German Finance Minister Peer Steinbrueck said he broadly agreed with the French suggestions but Britain was more cautious believing it is too soon to sign up to specific rules when global talks are just beginning.
"It is important Europe speaks with one voice" at the G-20 Washington summit, said Austrian Finance Minister Wilhelm Molterer.
The G-20 includes the G-7 industrialized democracies and emerging economic powers such as Brazil, India, Russia and China.
Lack of trust
"The time is coming that we can no longer trust self-regulation" by the financial sector, said Dutch Finance Minister Wouter Bos.

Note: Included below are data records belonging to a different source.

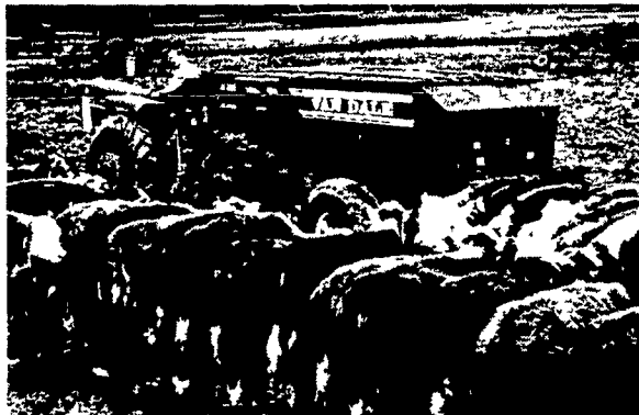
210 CUBIC FT. MIXER, TRAILER MODEL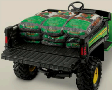
Cargo box has 16.4 cu. ft. (.56 cu. m.) of capacity, a pick-up style tailgate, 20 tie-down points and a gas-assist shock for easier lifting and dumping.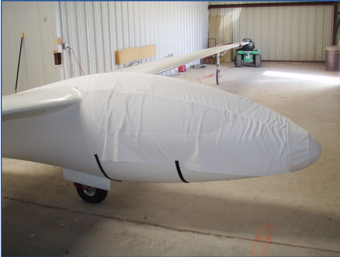
Bolkow Phoebus C-1 Canopy/Nose Cover, test fit cover

Tuesday's talks followed a meeting on Monday of the finance ministers of the 15-nation euro zone which agreed to spend their way out of the accelerating downturn while avoiding excessive deficit spending and indebtedness.
Luxembourg Prime Minister Jean-Claude Juncker, who led Monday's talks, said then that euro zone nations would drop an ambitious goal to eliminate annual budget deficits by 2010 as the financial crisis forces them to take on more debt.
The EU executive wants governments to avoid pumping subsidies into industry and stick to spending on programs supporting growth in the longer-term such as transport and energy networks and climate change.
On Monday, the European Commission forecast that the economy of the 15-nation euro-zone may already be in a recession and will expand by just 0.1% in 2009. Euro zone ministers did not argue with an EU economy outlook that says the currency area may already be in recession and predicts it will barely grow next year, Juncker said.
The euro zone's largest members - Germany, France and Italy - will come to a standstill or shrink next year, the EU executive forecast, warning of a deeper credit crunch that would brake the economy, strain government finances and put a near-freeze on household spending. Among nations that don't use the euro, Britain's economy will slip into recession.